Test out querying Wikidata from a Jupyter notebook on Virginia courthouses.

# Conclusions

#### This method of querying Wikidata:

Clean and easy.

#### Comprehensiveness of Wikidata on Virginia courthouses:

According to Wikipedia there are 28 US federal courthouses, 67 county courthouses, and 73 courthouses on the Natl. Register of Historic Places in Virginia.

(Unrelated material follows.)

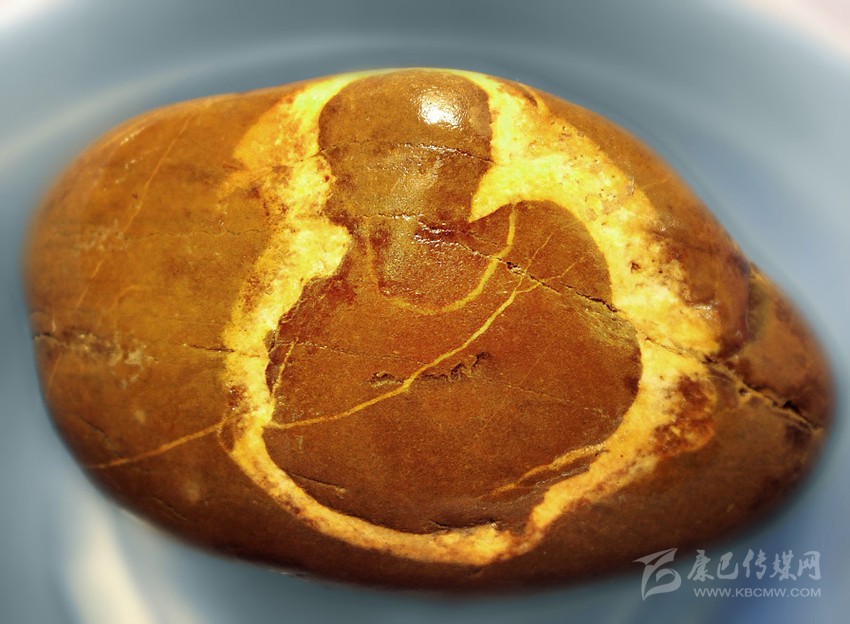 作為一個(gè)無(wú)組織的業(yè)余獨(dú)行淘石者,經(jīng)過(guò)數(shù)年的摸、淘、琢磨,我悟出:發(fā)掘趣石最重要的是要獨(dú)具慧眼慧心,會(huì)讀石紋。是否讀懂石紋,決定著一塊石頭是頑石還是奇石的命運(yùn)。這是一件很難的事,不僅要運(yùn)用你獨(dú)特的審美視角,還得發(fā)揮你豐富的想象。有時(shí),為了讀懂一些石紋,我會(huì)抱著這塊石頭如考古學(xué)家般仔細(xì)琢磨,從正面、側(cè)面,再到背面,又從左邊旋到右邊,或者上下顛倒來(lái)打量……一番冥思苦想,會(huì)意會(huì)神,直到靈感涌起、慧心頓悟,尤如洞天石扉訇然中開(kāi),眼前的頑石拙巖,頃刻便化為藝術(shù)珍寶,令我欣喜若狂。正如悉達(dá)多說(shuō):“這塊石頭是石頭,它也是動(dòng)物,也是神,也是佛,我敬重它和熱愛(ài)它,并非因?yàn)樗谐蝗諘?huì)變成這個(gè)或那個(gè),而是因?yàn)樗缇褪沁@一切,一直是這一切?!背錆M(mǎn)靈性的石頭在你和美妙的自然間搭起了一座通靈的橋梁。淘得趣石,還需緣分。就像人與人的相遇講究緣分,遇到心儀的石頭也講究緣分天助。有年春節(jié),我與父親去河邊轉(zhuǎn)游,面對(duì)涪江寬闊的石灘,我的淘石癮又犯了。但出門(mén)前答應(yīng)過(guò)父親,這次只逛不撿石頭。我知道老爸心疼我一個(gè)女子大過(guò)年的撿石頭。河邊冷,且石頭扛起來(lái)很重,手與衣服都會(huì)弄得很臟。我邊陪父親漫走閑聊,眼睛卻止不住往河灘逡巡,仍希望無(wú)意中淘到中意的石頭。走著走著,我發(fā)現(xiàn)有一群鳥(niǎo)歡唱著從遠(yuǎn)處一個(gè)石堆飛起,冥冥中感覺(jué)那里有寶貝,遂向老爸懇求,過(guò)去看一下就回來(lái)。來(lái)到那個(gè)石堆中心,幾乎不費(fèi)什么功夫,就看到一塊橢圓形石頭上有著一個(gè)自帶金色佛光圈的如來(lái)佛半身像。我怔住了,有點(diǎn)不敢相信如此幸運(yùn),蹲在那里久久打量。老爸隨后趕過(guò)來(lái),看到佛像石,連連贊嘆了好幾句“太神奇了”。然后,他毫不猶豫地就幫我把石頭搬起來(lái)就走。回到家中,如獲至寶的我,趕緊清洗石頭,在清水的滋潤(rùn)下,佛像的輪廓更加清晰。頸上的佛珠、袈裟線(xiàn)也分明,細(xì)看令人叫絕的這竟是一尊三面佛:正面、左側(cè)向、右側(cè)向均是佛。而在此石背面,也清晰出現(xiàn)了一個(gè)草書(shū)的“吉”字,真令人喜出望外。吉佛石,就這樣神奇地走進(jìn)了我的生活,讓我相信一切緣分都是可遇不可求的。

Since our Wikidata query only returns 13 entities, it seems that Wikidata is not that good for Virginia courthouses.

# Links

Query Wikidata: https://query.wikidata.org/

List of US federal courthouses in Virginia (28 entries): https://en.wikipedia.org/wiki/List_of_United_States_federal_courthouses_in_Virginia
- Many of these are no longer in use.

List of county courthouses in Virginia (67 entries): https://en.wikipedia.org/wiki/Category:County_courthouses_in_Virginia

Courthouses on the Natl. Register of Historic Places in Virginia (73 entries): https://en.wikipedia.org/wiki/Category:Courthouses_on_the_National_Register_of_Historic_Places_in_Virginia

In [41]:
import requests
from bs4 import BeautifulSoup as BS
import urllib.request

This query string queries every building that `is an instance of` `courthouse` and `in the administrative territorial entity of` `Virginia`.

In [12]:
url = 'https://query.wikidata.org/sparql'
query = """
SELECT ?building ?buildingLabel
WHERE
{
  ?building wdt:P31 wd:Q1137809;
            wdt:P131 wd:Q1370.  
  SERVICE wikibase:label { bd:serviceParam wikibase:language "[AUTO_LANGUAGE]".}
}
"""

In [13]:
r = requests.get(url, params = {'format': 'json', 'query': query})

In [42]:
data = r.json()

In [43]:
bindings = data['results']['bindings']

In [44]:
qnums = [binding['buildingLabel']['value'] for binding in bindings]

In [48]:
titles = []
for qnum in qnums:
    url ="https://www.wikidata.org/wiki/%s" % qnum
    usock = urllib.request.urlopen(url)
    data = usock.read()
    usock.close()
    soup = BS(data)
    titles.append(soup.find('title').text)

In [52]:
titles[0]

'Dinwiddie County Court House - Wikidata'

In [49]:
names = [title[:-11] for title in titles]

In [50]:
names

['Dinwiddie County Court House',
 'Old Isle of Wight Courthouse',
 'Appomattox Court House',
 'United States Post Office and Courthouse',
 'Brunswick County Courthouse Square',
 'Buckingham Courthouse Historic District',
 'Gloucester County Courthouse Square Historic District',
 'Goochland County Court Square',
 'Lunenburg Courthouse Historic District',
 'Mathews County Courthouse Square',
 "Old Grayson County Courthouse and Clerk's Office",
 'Albemarle County Courthouse Historic District',
 'Powhatan Courthouse Historic District']